American science journalist (born 1980)

Nadia Drake is an American science journalist of Lebanese descent who specializes in covering space exploration, space science, and the search for life beyond Earth. Currently freelance, she was a long-time contributing writer at National Geographic and formerly the interim Physics Editor at Quanta Magazine.

== Early life and education ==
Drake grew up near Santa Cruz, California.

In 2002, she earned an AB in biology, psychology, and dance at Cornell University.

She returned to Cornell for her PhD in genetics and developmental biology in 2004, and defended her dissertation in 2009. Her PhD thesis is titled Phenotypic consequences of imprinting perturbations at Rasgrf1 in mouse.

In 2011 she graduated from the Science Communication (SciCom) program at UC Santa Cruz.

== Career ==
Drake worked in a clinical genetics lab at the Johns Hopkins University School of Medicine after earning her undergraduate degree from Cornell University.

During her residence at the UCSC's SciCom program, she was a reporting intern for the Santa Cruz Sentinel, The San Jose Mercury News, and Nature.

Afterwards she moved to Washington, D.C. for an internship at Science News, which turned into a job as the magazine's astronomy reporter.

Drake then returned to the San Francisco Bay Area for a science reporting job at Wired.

After that, she was hired as a contributing writer at National Geographic, where she wrote digital news stories and print magazine features until 2023. She has also been a freelance contributor for publications including to Scientific American, The New York Times, The Wall Street Journal, and The Atlantic.
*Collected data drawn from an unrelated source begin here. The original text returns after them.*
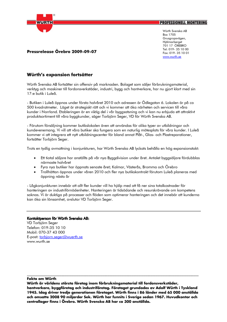 - Butiken i Luleå öppnas under första halvåret 2010 och adressen är Ödlegatan 6. Lokalen är på ca 500 kvadratmeter. Läget är strategiskt rätt och vi kommer att öka närheten och servicen till våra kunder i Norrland. Etableringen är en viktig del i vår byggsatsning och vi kan nu erbjuda ett attraktivt produktsortiment till våra byggkunder, säger Torbjörn Seger, VD för Würth Svenska AB.
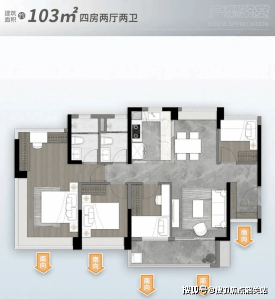 6. 103㎡四房两厅两卫:总价约290-310万,单价约28200-30100元/㎡;
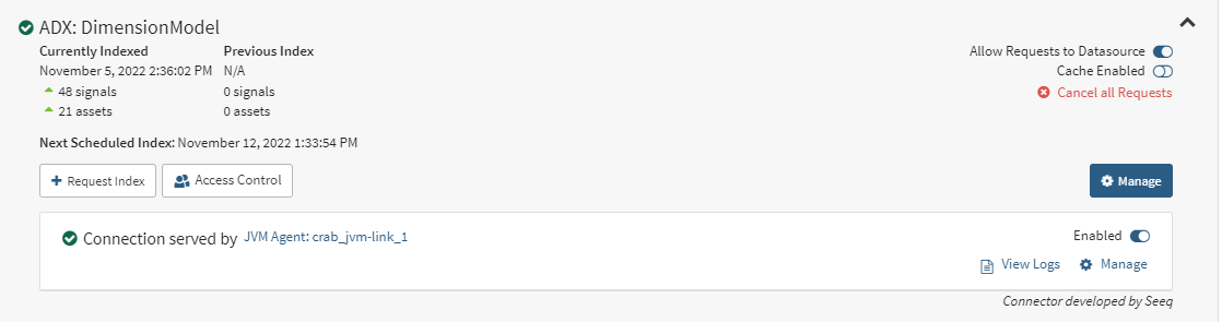 The format is Seeq Property Name : Column Name. The column name MUST be included in the columns property of the MetadataQuery section. This allows the value in the column from ADX to be stored in the property of the Signal in Seeq. These can be dynamic properties as well that act as additional information you would like to include with the signal, such as machine type, sensor type, lineage information, or other tracking information. In the example shown to the right, this is one of the signals that was indexed from the DimensionTable above. It contains information such as the Database Name, Table Name, Value Column, Time Column, Filters used, the unit of measure, and the Interpolation Method. Some of these are automatically created by the connector:

In 2022, NASA appointed Drake to its Unidentified Anomalous Phenomena independent study panel, where she was one of 16 experts tasked with identifying a role for the agency in addressing the question of UAP.

Since 2024, Drake has been working as a consultant with ETH-Zurich; in 2024 she joined the board of directors of the SETI Institute as observer.

== Book ==
Drake is the author of Little Book of Wonders: Celebrating the Gifts of the Natural World (National Geographic Books, 2016).

== Awards and honours ==

- In 2016 Drake received the American Astronomical Society's Jonathan Eberhart Planetary Sciences Journalism Award for her article "Scientists in Flying Telescope Race to Intercept Pluto's Shadow," which appeared July 3, 2015, on National Geographic's website.
- In 2017 she won the David N. Schramm Award for High Energy Astrophysics Science Journalism from the High Energy Astrophysics Division of the American Astronomical Society for "Found! Gravitational Waves, or a Wrinkle in Spacetime" which was published on National Geographic's website on February 11, 2016.
- In 2024, the American Geophysical Union awarded its Walter M. Sullivan award to Drake for “The Alien Moon Shot,” a feature that was National Geographic’s cover story in October 2023.

== Personal life ==
Drake is the daughter of SETI pioneer Frank Drake and Amahl Drake (née Shakhashiri). Her mother is from Lebanon and emigrated as a teenager.